For this task, extract exactly the lines of the data below, from the line containing "Dito maaari kang" through the last one, with pictures left out.

-------- Task data

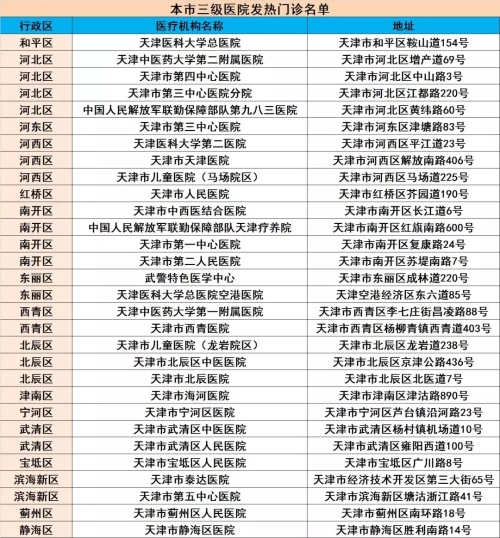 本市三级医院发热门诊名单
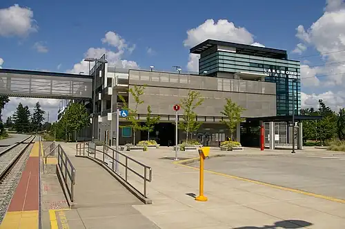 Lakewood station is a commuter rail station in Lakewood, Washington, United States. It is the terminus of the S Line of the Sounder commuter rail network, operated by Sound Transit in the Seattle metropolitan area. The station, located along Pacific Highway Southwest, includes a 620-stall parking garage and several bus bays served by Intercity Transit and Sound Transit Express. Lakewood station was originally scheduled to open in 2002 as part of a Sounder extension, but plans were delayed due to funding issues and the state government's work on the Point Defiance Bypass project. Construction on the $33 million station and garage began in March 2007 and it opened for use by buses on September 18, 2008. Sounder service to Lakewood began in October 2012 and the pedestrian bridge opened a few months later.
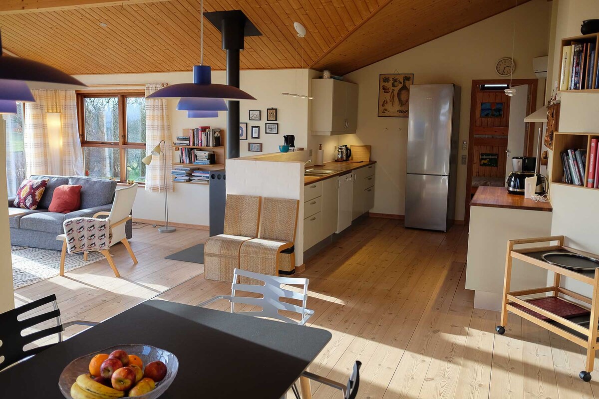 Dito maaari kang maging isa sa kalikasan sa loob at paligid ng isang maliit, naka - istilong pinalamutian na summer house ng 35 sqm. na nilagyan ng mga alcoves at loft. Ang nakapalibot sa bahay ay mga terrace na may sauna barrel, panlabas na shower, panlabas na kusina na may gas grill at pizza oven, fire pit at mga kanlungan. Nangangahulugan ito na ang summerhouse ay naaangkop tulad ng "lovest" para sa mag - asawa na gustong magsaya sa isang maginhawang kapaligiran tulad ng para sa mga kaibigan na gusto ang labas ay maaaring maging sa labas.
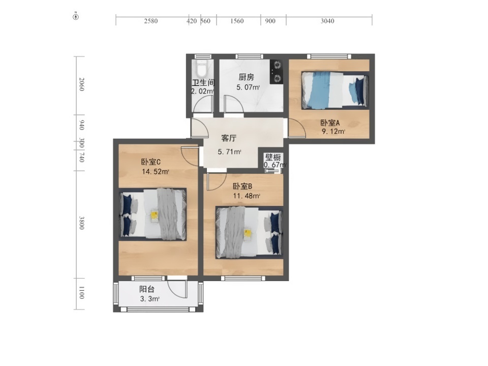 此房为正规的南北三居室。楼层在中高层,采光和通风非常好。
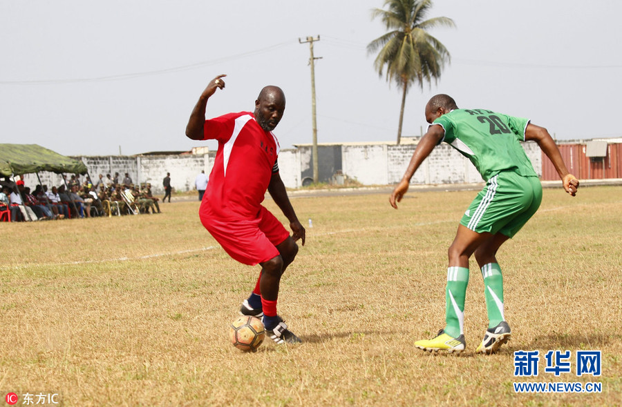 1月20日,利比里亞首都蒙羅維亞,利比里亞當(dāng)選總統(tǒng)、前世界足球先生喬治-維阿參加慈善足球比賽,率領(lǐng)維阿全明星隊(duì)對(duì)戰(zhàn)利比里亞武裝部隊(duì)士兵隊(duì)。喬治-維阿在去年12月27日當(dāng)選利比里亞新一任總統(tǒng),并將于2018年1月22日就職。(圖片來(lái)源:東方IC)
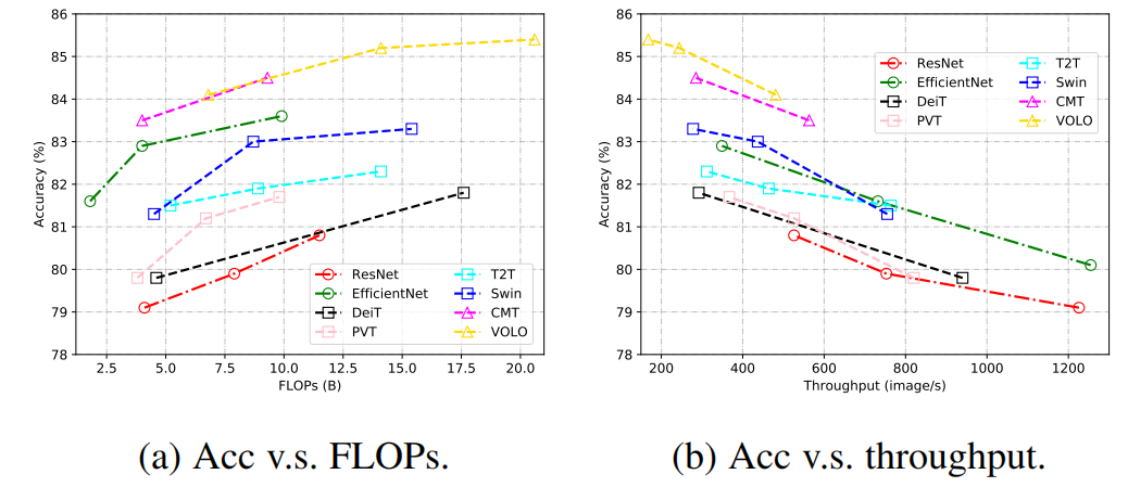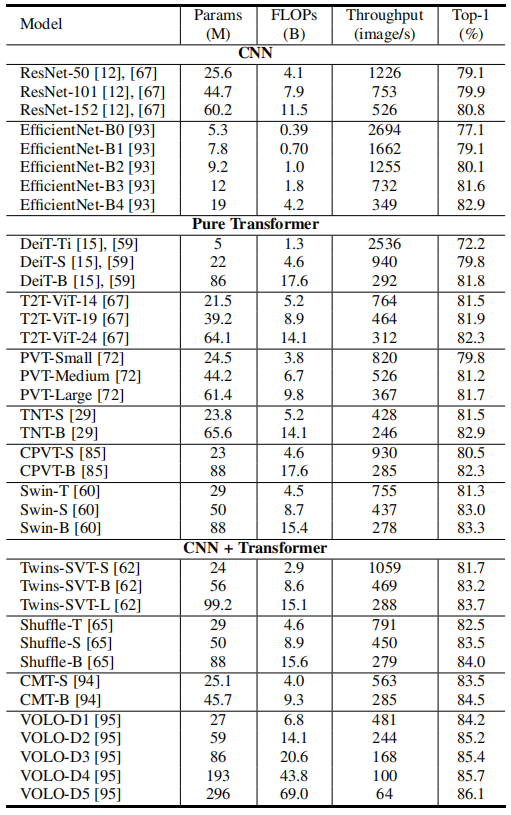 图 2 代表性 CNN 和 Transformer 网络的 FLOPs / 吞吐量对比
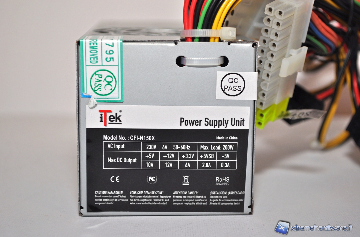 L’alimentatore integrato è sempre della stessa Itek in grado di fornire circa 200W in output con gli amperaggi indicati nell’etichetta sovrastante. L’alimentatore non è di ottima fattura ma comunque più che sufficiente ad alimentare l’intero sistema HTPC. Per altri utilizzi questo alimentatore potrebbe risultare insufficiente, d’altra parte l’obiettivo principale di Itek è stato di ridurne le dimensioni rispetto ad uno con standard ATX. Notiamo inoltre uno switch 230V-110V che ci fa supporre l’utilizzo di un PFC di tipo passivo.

----------------

### Your response:
 Dito maaari kang maging isa sa kalikasan sa loob at paligid ng isang maliit, naka - istilong pinalamutian na summer house ng 35 sqm. na nilagyan ng mga alcoves at loft. Ang nakapalibot sa bahay ay mga terrace na may sauna barrel, panlabas na shower, panlabas na kusina na may gas grill at pizza oven, fire pit at mga kanlungan. Nangangahulugan ito na ang summerhouse ay naaangkop tulad ng "lovest" para sa mag - asawa na gustong magsaya sa isang maginhawang kapaligiran tulad ng para sa mga kaibigan na gusto ang labas ay maaaring maging sa labas.
 此房为正规的南北三居室。楼层在中高层,采光和通风非常好。
 1月20日,利比里亞首都蒙羅維亞,利比里亞當(dāng)選總統(tǒng)、前世界足球先生喬治-維阿參加慈善足球比賽,率領(lǐng)維阿全明星隊(duì)對(duì)戰(zhàn)利比里亞武裝部隊(duì)士兵隊(duì)。喬治-維阿在去年12月27日當(dāng)選利比里亞新一任總統(tǒng),并將于2018年1月22日就職。(圖片來(lái)源:東方IC)
 图 2 代表性 CNN 和 Transformer 网络的 FLOPs / 吞吐量对比
 L’alimentatore integrato è sempre della stessa Itek in grado di fornire circa 200W in output con gli amperaggi indicati nell’etichetta sovrastante. L’alimentatore non è di ottima fattura ma comunque più che sufficiente ad alimentare l’intero sistema HTPC. Per altri utilizzi questo alimentatore potrebbe risultare insufficiente, d’altra parte l’obiettivo principale di Itek è stato di ridurne le dimensioni rispetto ad uno con standard ATX. Notiamo inoltre uno switch 230V-110V che ci fa supporre l’utilizzo di un PFC di tipo passivo.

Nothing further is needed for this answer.